Data below
════════════════

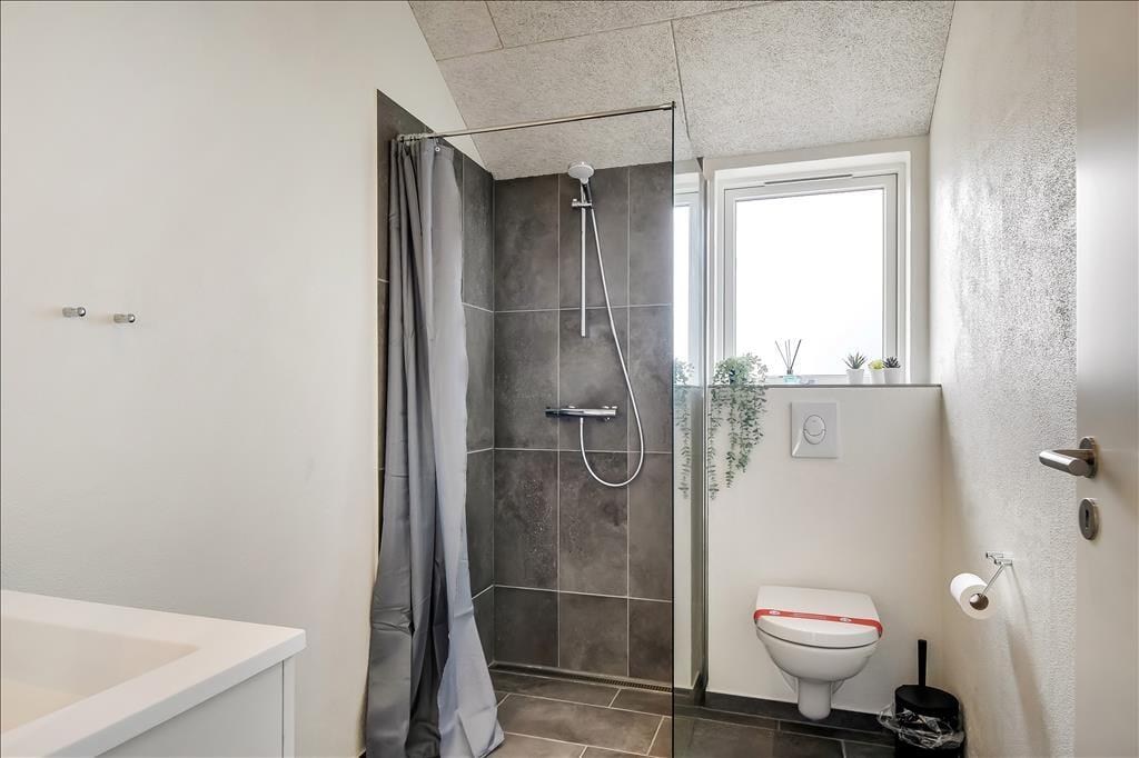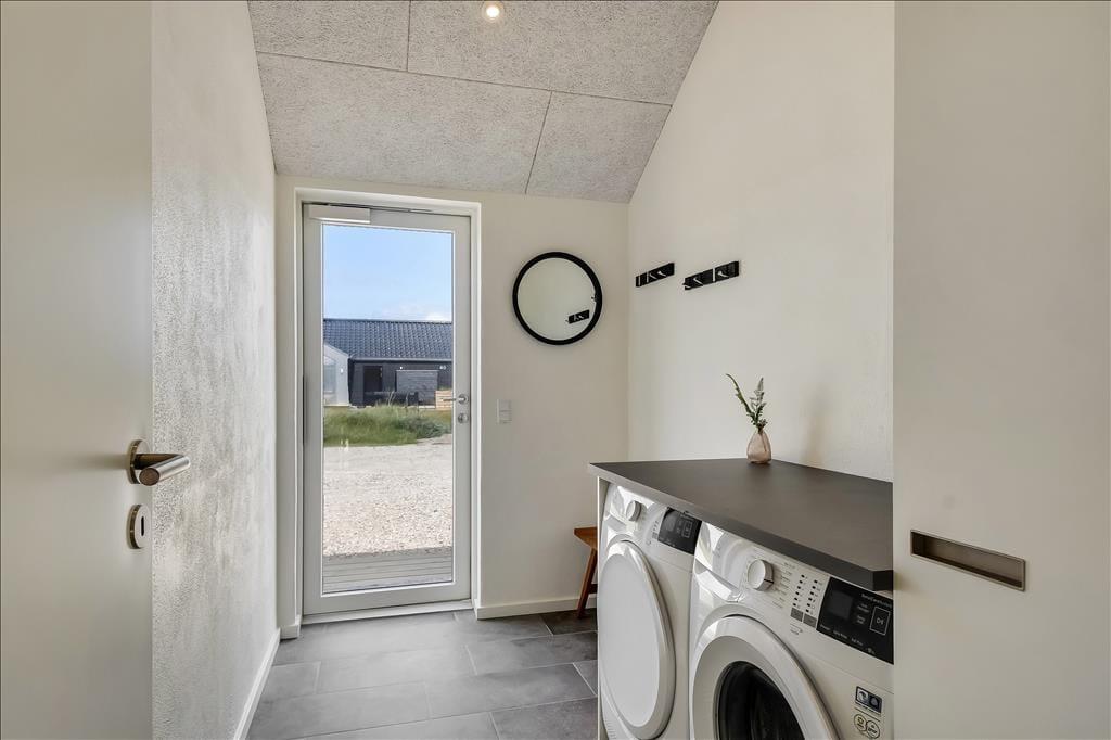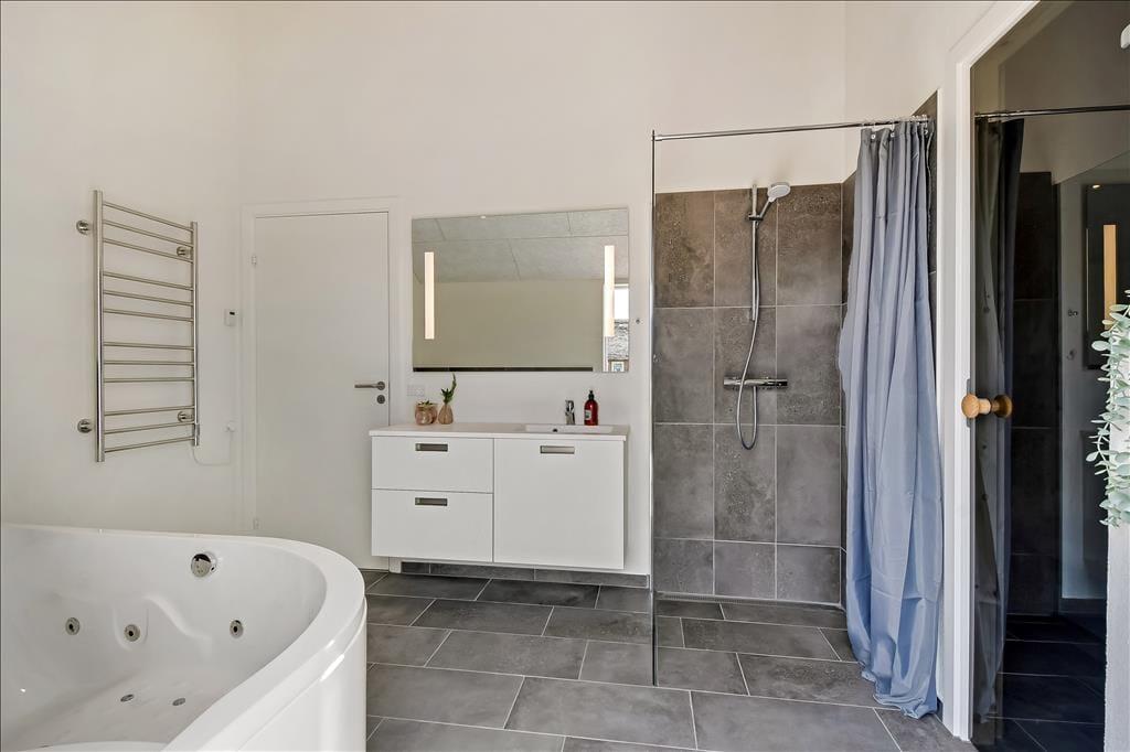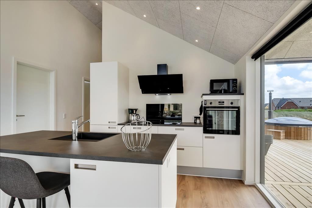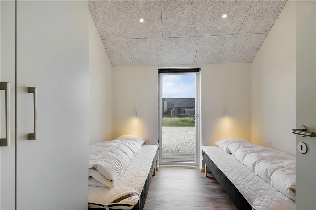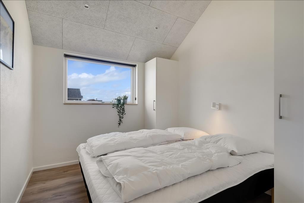 Sommerhuset emmer af lys og rummelighed, og indretningen er moderne og behagelig med højt til loftet og store vinduespartier, der inviterer naturen indenfor. Køkkenet ligger i åben forbindelse med spiseplads og stue, så det føles naturligt at samles til hyggelige stunder, uanset om I laver mad, spiller kort eller bare nyder en rolig stund foran tv’et. Badeværelset er indrettet som en lille wellness-oase med spa og sauna, og herfra er der direkte udgang til terrassen – hvilket gør det nemt at bevæge sig fra varme til frisk luft. Når det er tid til leg og konkurrence, venter aktivitetsrummet med både poolbord og bordtennis – her kan alle i selskabet være med, uanset alder og niveau.
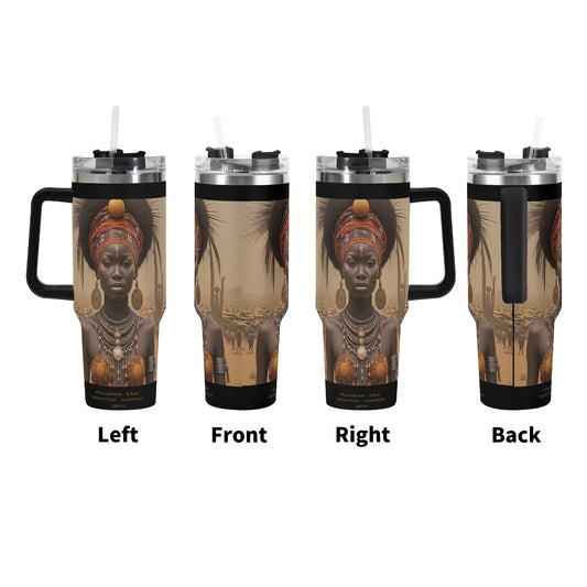 UBUNTU 40oz Stainless Steel Tumbler Gift With Black Handle and Straw
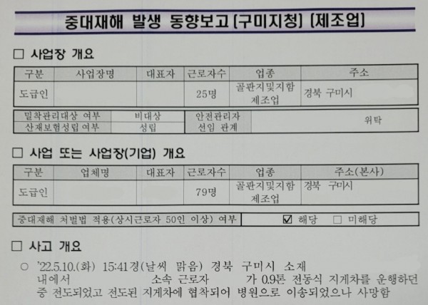 <중대재해> 전동지게차 운행 중 지게차 전도로 인한 깔림 페이지 정보 작성자 안전경영컨설팅 작성일22-06-07 10:26 조회5,497회 댓글0건 관련링크 이전글 다음글 목록 본문 . 댓글목록 등록된 댓글이 없습니다. 이전글 다음글 목록
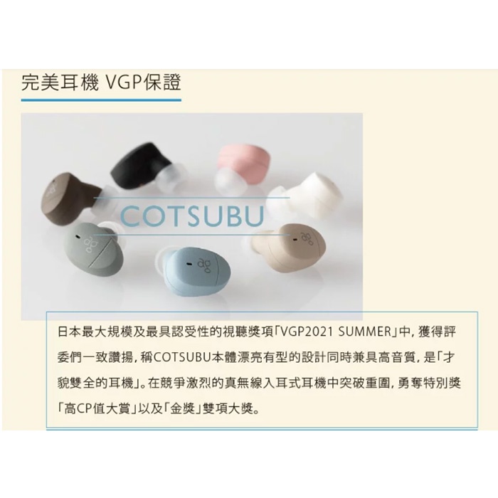 [final台灣授權經銷] 日本 ag COTSUBU MK2 真無線藍牙耳機 IPX4防水等級

════════════════

What to produce
What you return should be the exact lines from the one containing "UBUNTU 40oz Stainless" through the end of the listing above, both included, minus any pictures.

Answer space
 UBUNTU 40oz Stainless Steel Tumbler Gift With Black Handle and Straw
 <중대재해> 전동지게차 운행 중 지게차 전도로 인한 깔림 페이지 정보 작성자 안전경영컨설팅 작성일22-06-07 10:26 조회5,497회 댓글0건 관련링크 이전글 다음글 목록 본문 . 댓글목록 등록된 댓글이 없습니다. 이전글 다음글 목록
 [final台灣授權經銷] 日本 ag COTSUBU MK2 真無線藍牙耳機 IPX4防水等級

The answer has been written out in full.